Task:
Pictures should be left out when the listing below is repeated word for word.

Data provided START

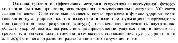 Описана простая и эффективная методика скоростной наносекундной фоторегистрации быстрых процессов, использующая самоукороченные импульсы УФ света лазера на азоте. С ее помощью выявлены новые процессы в физике ударных волн; генерация цуга ударных волн в воздухе и в воде при пульсациях энерговыделения (колебания тока разрядного контура), позволяющая исследовать внутреннюю область ударной волны; направленное распространение ударных волн в потоке нагретого или легкого газа, отмечена возможность использования цуга ударных волн для эффективного отражения радио и светового излучения и т.п.
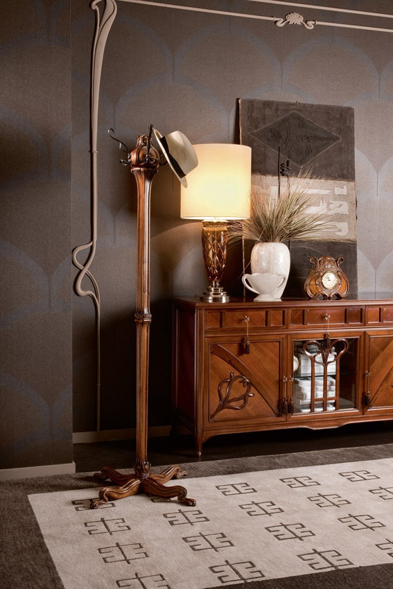 Hanger Liberty from the Italian manufacturer Medea. Floor model hangers. Prop is made of wood and decorated with carvings. Finishing made with lacquer. Hooks made of metal.
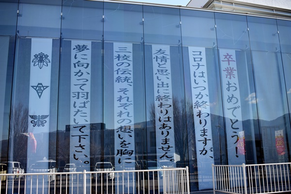市川三郷町役場では、3校の卒業生に向けメッセージを掲示してくれました。
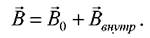 и равен геометрической сумме магнитных индукций внешнего B 0 и внутреннего B r внутр магнитных полей:
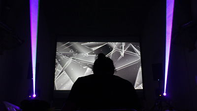 Audiovisual performance generated from mutable algorithms for the synthesis of audio, video and light manipulation in real time. It consists of a four-way sound specialization system, a video channel and lasers projection.
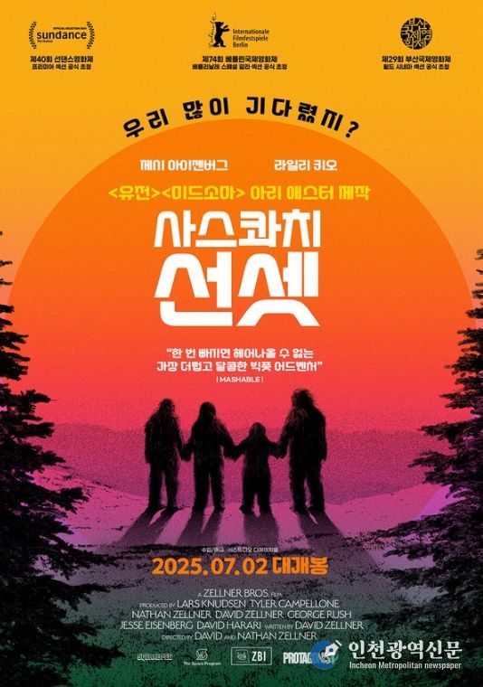[인천광역신문] 관리자 기자 | '유전''미드소마' 아리 애스터 감독이 총괄 프로듀서로 참여했으며, 선댄스, 베를린, SXSW, 부산을 발칵 뒤집은 귀여운 문제작 '사스콰치 선셋'이 7월 16일(수) 바로 오늘부터 극장 동시 IPTV & VOD 서비스를 시작한다.[감독: 데이비드 젤너, 나단 젤너 | 제작: 아리 애스터 | 출연: 제시 아이젠버그, 라일리 키오, 나단 젤너, 크리스토프 자야츠 데넥 | 장르: 코미디, 어드벤처 | 수입/배급: ㈜스튜디오 디에이치엘]
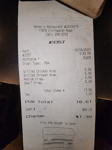 Read moreWhen is the manager and regional manager of this Wendy's going to wake up and do something of the very poor service and dining area as reported in so many reviews? This is the second time in the past two months that we tried to have a simple order filled in less than 25 minutes. And this is with two other customers in the place who waited over 15 minutess for the attendant to acknowledge them and take their order! I travel all over the northeast area and frequent many Wendy's for their frostys. This one in Ft Washington is the worst. No customer service, noncharacter workers who have no sense of urgency. The workers act like they do not even want to be there . Well maybe a manager should start with the long hair freaky guy at the counter and have him taking out the trash and cleaning the dining area to see what you get out of him cause as of right now in my opinion he is worthless. And this is the second time we had such a slow and undesirable service at this place. And these are the people that want more money than minimum pay. Well if you do minimal work and no customer service minimum wage is too much for them! This is it for my business in this Wendys. I will not return and will encourage friends and neighbors to avoid this place.May more people in the reviews speak again of the poor service and I would hope this place is gone. The people in this area deserve better service with people who appear to like their job other than the ones at this Wendy's who are a disgrace to the Wendy's...
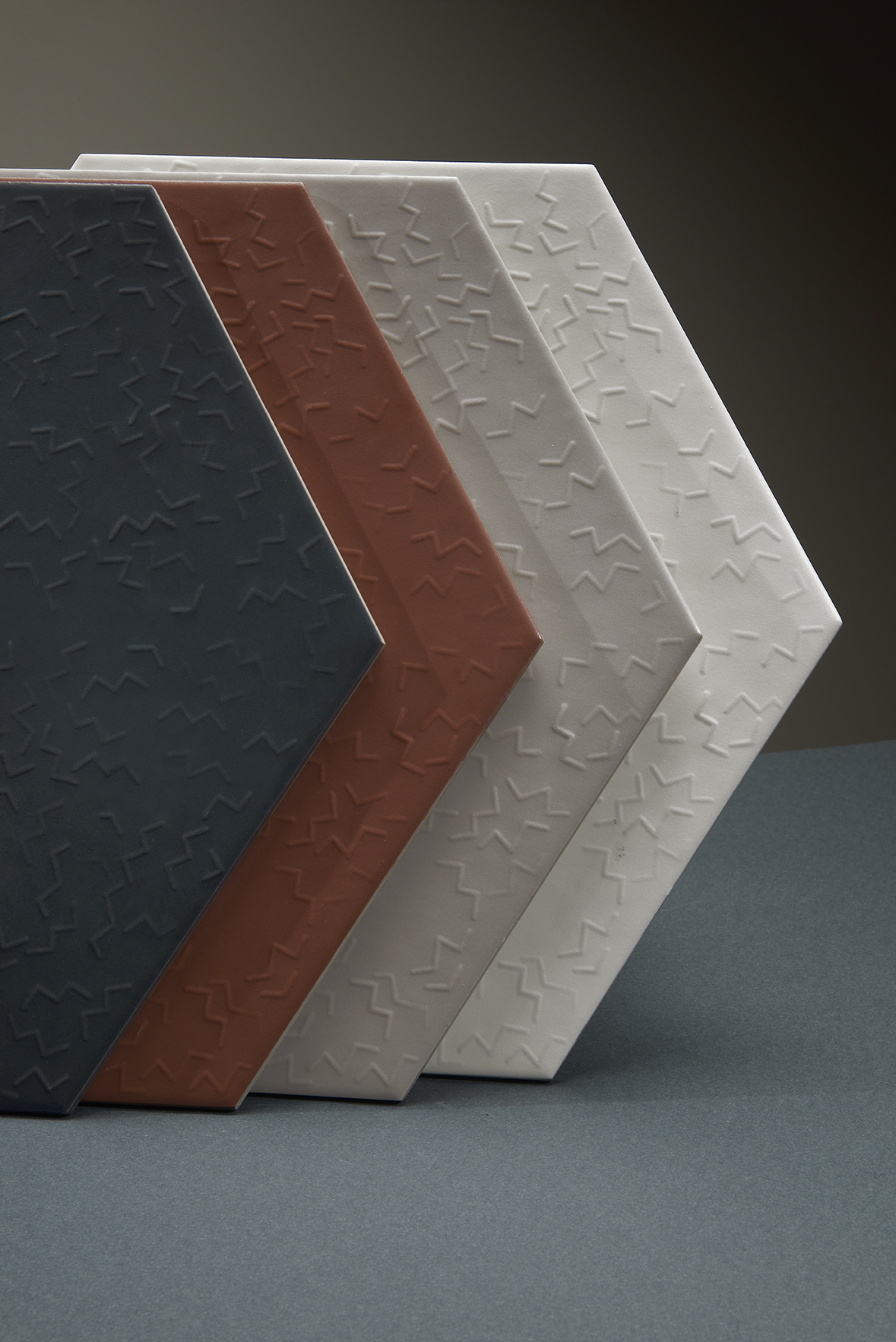 Rocket draws its inspiration from and pays tribute to compositional boldness, bright colours and the use of geometric shapes and textures designed to inspire optimism typical of the Memphis Group and of its post modernist exploration, far from the banality of aseptic design. Rocket is offered in materials and volumes with an iridescent visual meaning, defining rigorous and architectural environments and visual scenarios with explosive chromatic magnetism, where the graphic decoration emerges from the irregular materiality of the background, creating patches of rippled graphic backgrounds.
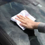 ▲乾燥したキレイなタオルで拭き取り作業。マイクロファイバークロスは効果が弱まるので使わない
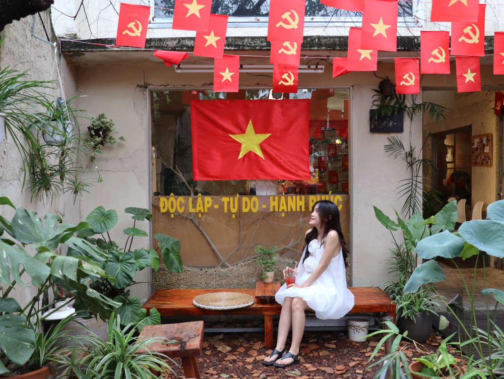 Giới trẻ nô nức check in ở quán cà phê trang trí chào mừng Quốc khánh 02/9
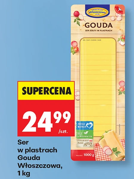 Ser w plastrach Gouda Włoszczowa, 1 kg
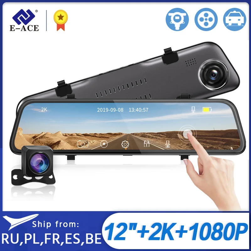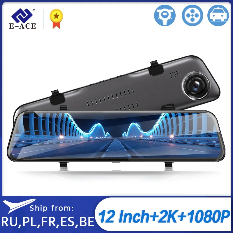 E-ACE A38 12 дюймов сенсорный экран Видеорегистраторы для автомобилей потоковый медиа-тире Камера зеркало 1440P видео Регистраторы двойной Len поддержка 1080P зеркало заднего вида Камера gps
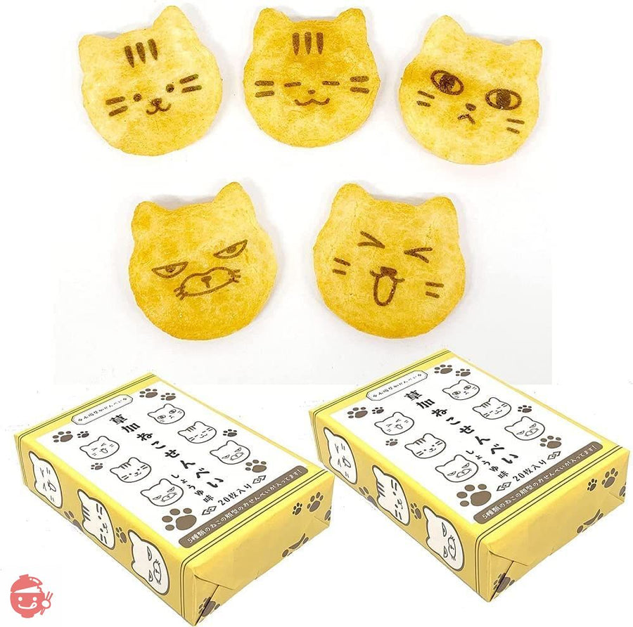 Each box contains 5 types of cat face-shaped rice crackers x 4, for a total of 20.
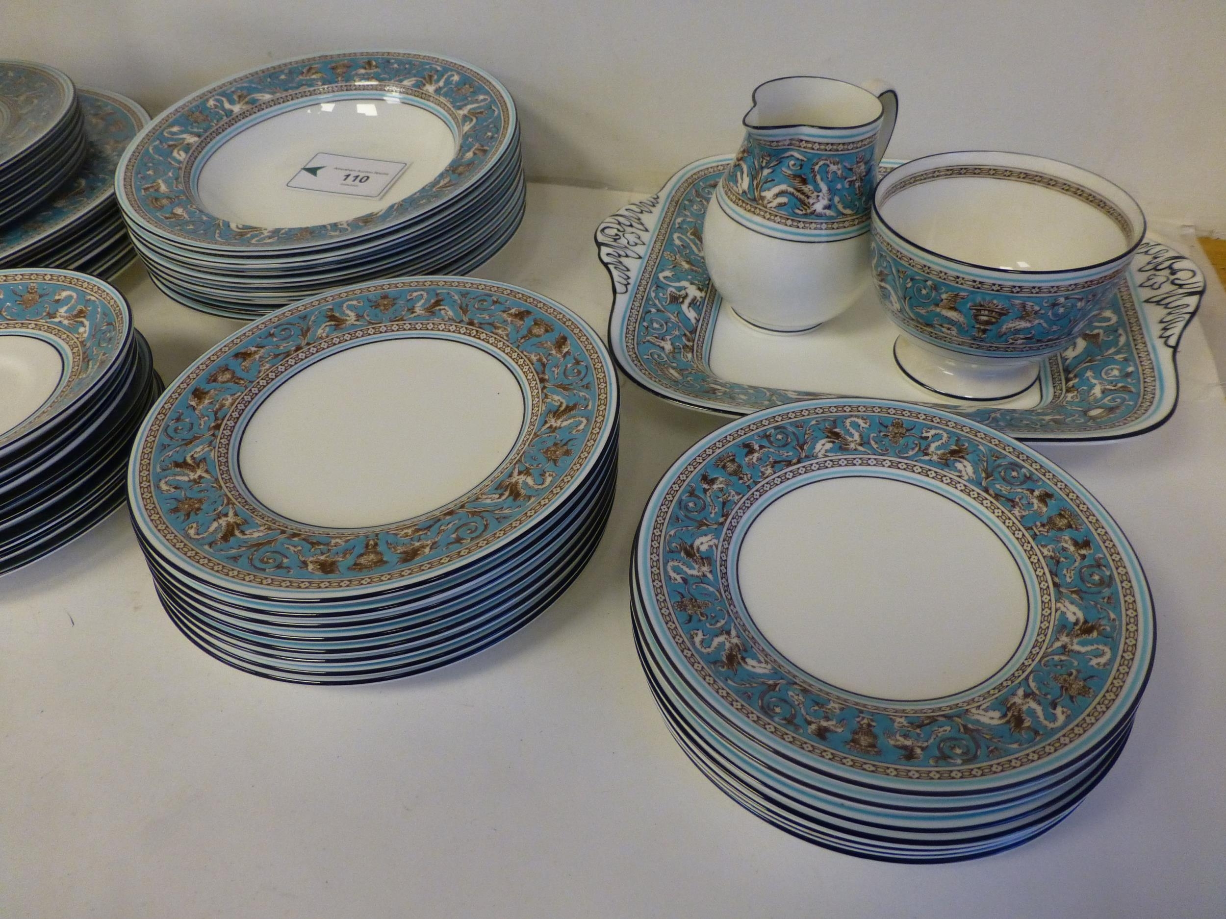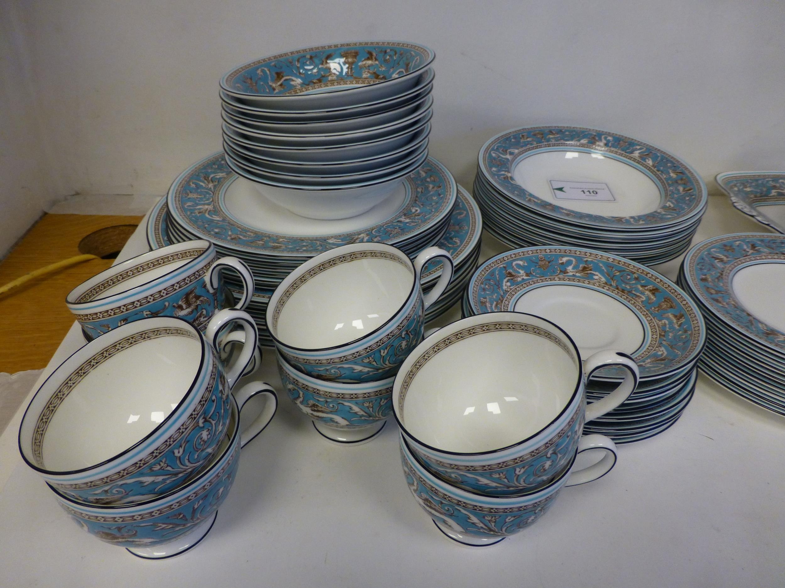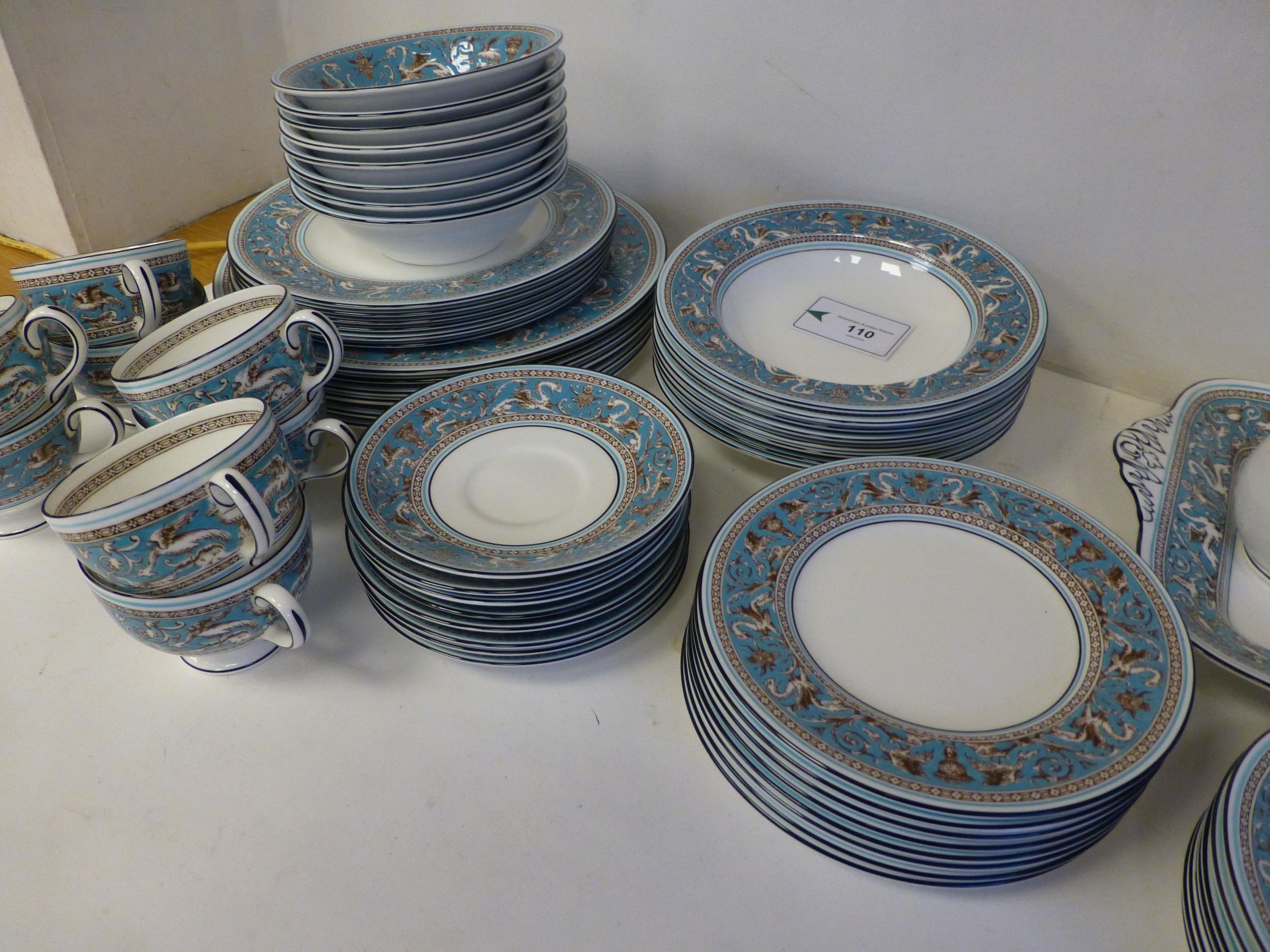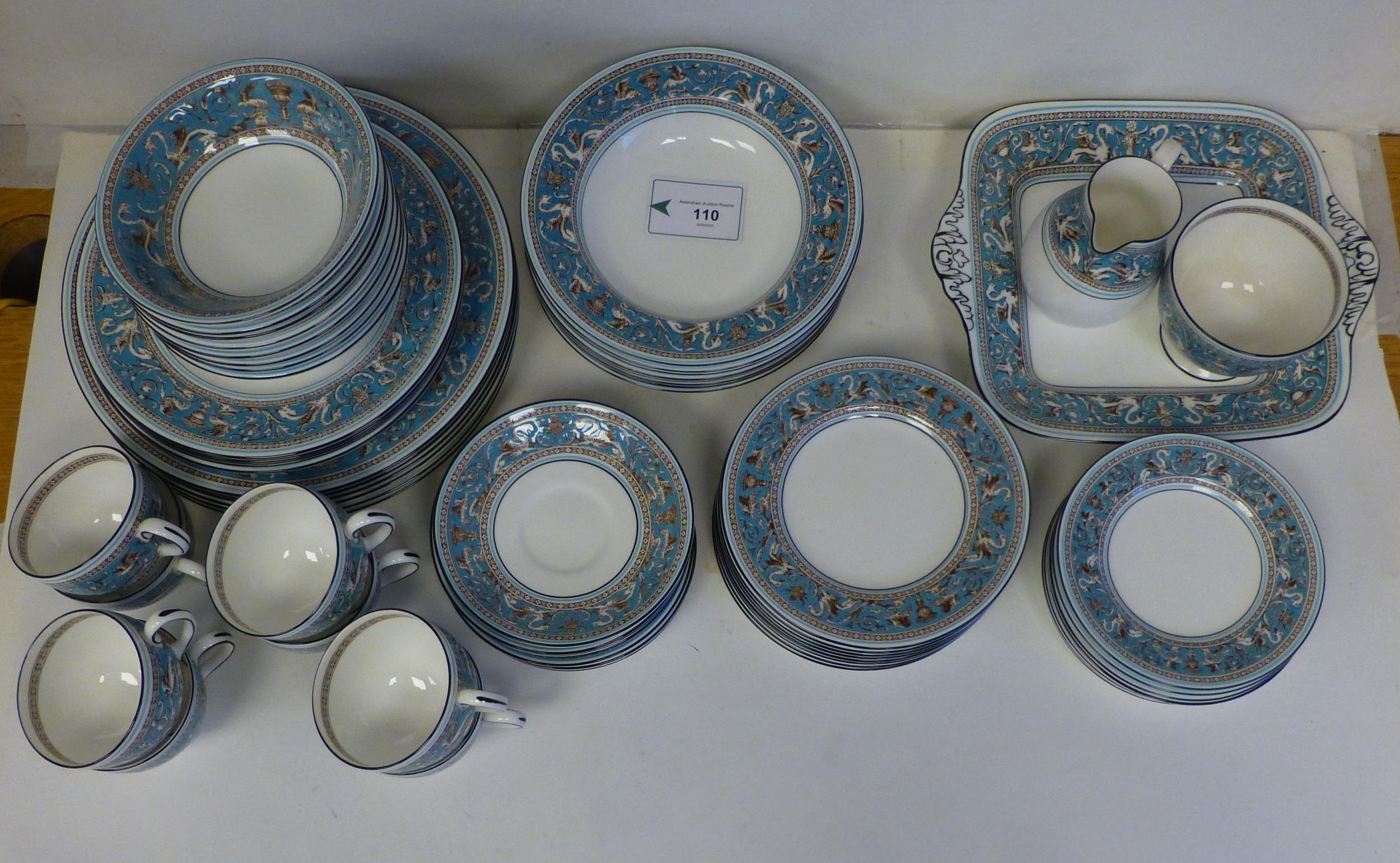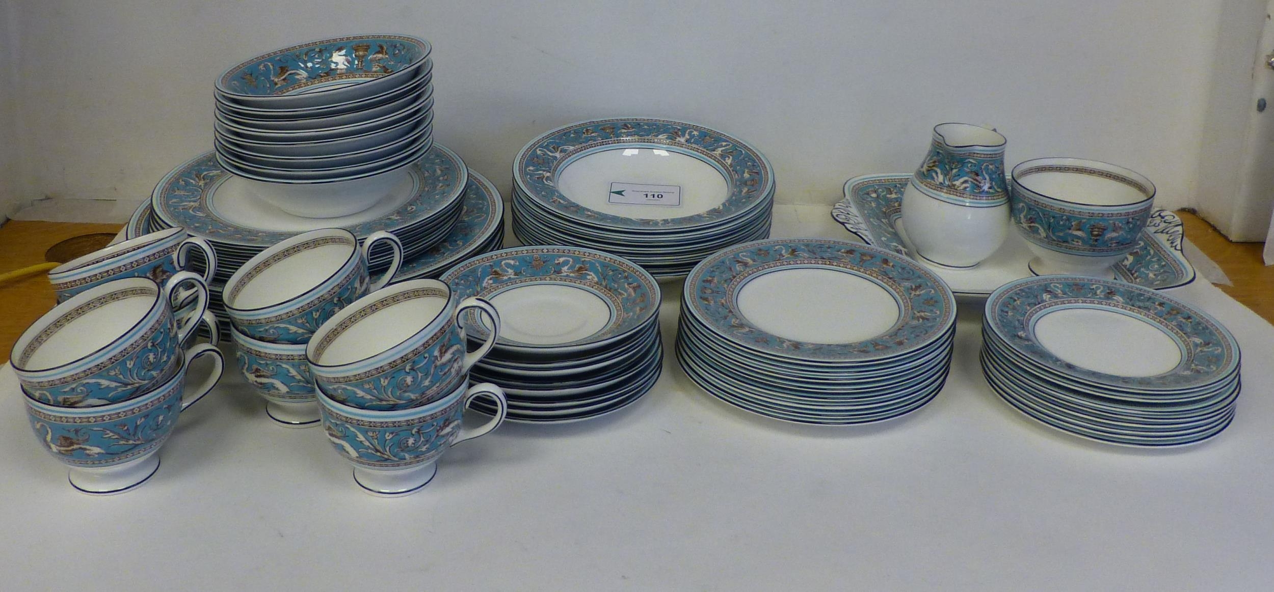 Wedgwood bone china Florentine pattern tableware, comprising a total of sixty-three items, in six and eight place settings

Data provided END

Result:
 Описана простая и эффективная методика скоростной наносекундной фоторегистрации быстрых процессов, использующая самоукороченные импульсы УФ света лазера на азоте. С ее помощью выявлены новые процессы в физике ударных волн; генерация цуга ударных волн в воздухе и в воде при пульсациях энерговыделения (колебания тока разрядного контура), позволяющая исследовать внутреннюю область ударной волны; направленное распространение ударных волн в потоке нагретого или легкого газа, отмечена возможность использования цуга ударных волн для эффективного отражения радио и светового излучения и т.п.
 Hanger Liberty from the Italian manufacturer Medea. Floor model hangers. Prop is made of wood and decorated with carvings. Finishing made with lacquer. Hooks made of metal.
市川三郷町役場では、3校の卒業生に向けメッセージを掲示してくれました。
 и равен геометрической сумме магнитных индукций внешнего B 0 и внутреннего B r внутр магнитных полей:
 Audiovisual performance generated from mutable algorithms for the synthesis of audio, video and light manipulation in real time. It consists of a four-way sound specialization system, a video channel and lasers projection.
[인천광역신문] 관리자 기자 | '유전''미드소마' 아리 애스터 감독이 총괄 프로듀서로 참여했으며, 선댄스, 베를린, SXSW, 부산을 발칵 뒤집은 귀여운 문제작 '사스콰치 선셋'이 7월 16일(수) 바로 오늘부터 극장 동시 IPTV & VOD 서비스를 시작한다.[감독: 데이비드 젤너, 나단 젤너 | 제작: 아리 애스터 | 출연: 제시 아이젠버그, 라일리 키오, 나단 젤너, 크리스토프 자야츠 데넥 | 장르: 코미디, 어드벤처 | 수입/배급: ㈜스튜디오 디에이치엘]
 Read moreWhen is the manager and regional manager of this Wendy's going to wake up and do something of the very poor service and dining area as reported in so many reviews? This is the second time in the past two months that we tried to have a simple order filled in less than 25 minutes. And this is with two other customers in the place who waited over 15 minutess for the attendant to acknowledge them and take their order! I travel all over the northeast area and frequent many Wendy's for their frostys. This one in Ft Washington is the worst. No customer service, noncharacter workers who have no sense of urgency. The workers act like they do not even want to be there . Well maybe a manager should start with the long hair freaky guy at the counter and have him taking out the trash and cleaning the dining area to see what you get out of him cause as of right now in my opinion he is worthless. And this is the second time we had such a slow and undesirable service at this place. And these are the people that want more money than minimum pay. Well if you do minimal work and no customer service minimum wage is too much for them! This is it for my business in this Wendys. I will not return and will encourage friends and neighbors to avoid this place.May more people in the reviews speak again of the poor service and I would hope this place is gone. The people in this area deserve better service with people who appear to like their job other than the ones at this Wendy's who are a disgrace to the Wendy's...
 Rocket draws its inspiration from and pays tribute to compositional boldness, bright colours and the use of geometric shapes and textures designed to inspire optimism typical of the Memphis Group and of its post modernist exploration, far from the banality of aseptic design. Rocket is offered in materials and volumes with an iridescent visual meaning, defining rigorous and architectural environments and visual scenarios with explosive chromatic magnetism, where the graphic decoration emerges from the irregular materiality of the background, creating patches of rippled graphic backgrounds.
 ▲乾燥したキレイなタオルで拭き取り作業。マイクロファイバークロスは効果が弱まるので使わない
 Giới trẻ nô nức check in ở quán cà phê trang trí chào mừng Quốc khánh 02/9
 Ser w plastrach Gouda Włoszczowa, 1 kg
 E-ACE A38 12 дюймов сенсорный экран Видеорегистраторы для автомобилей потоковый медиа-тире Камера зеркало 1440P видео Регистраторы двойной Len поддержка 1080P зеркало заднего вида Камера gps
 Each box contains 5 types of cat face-shaped rice crackers x 4, for a total of 20.
 Wedgwood bone china Florentine pattern tableware, comprising a total of sixty-three items, in six and eight place settings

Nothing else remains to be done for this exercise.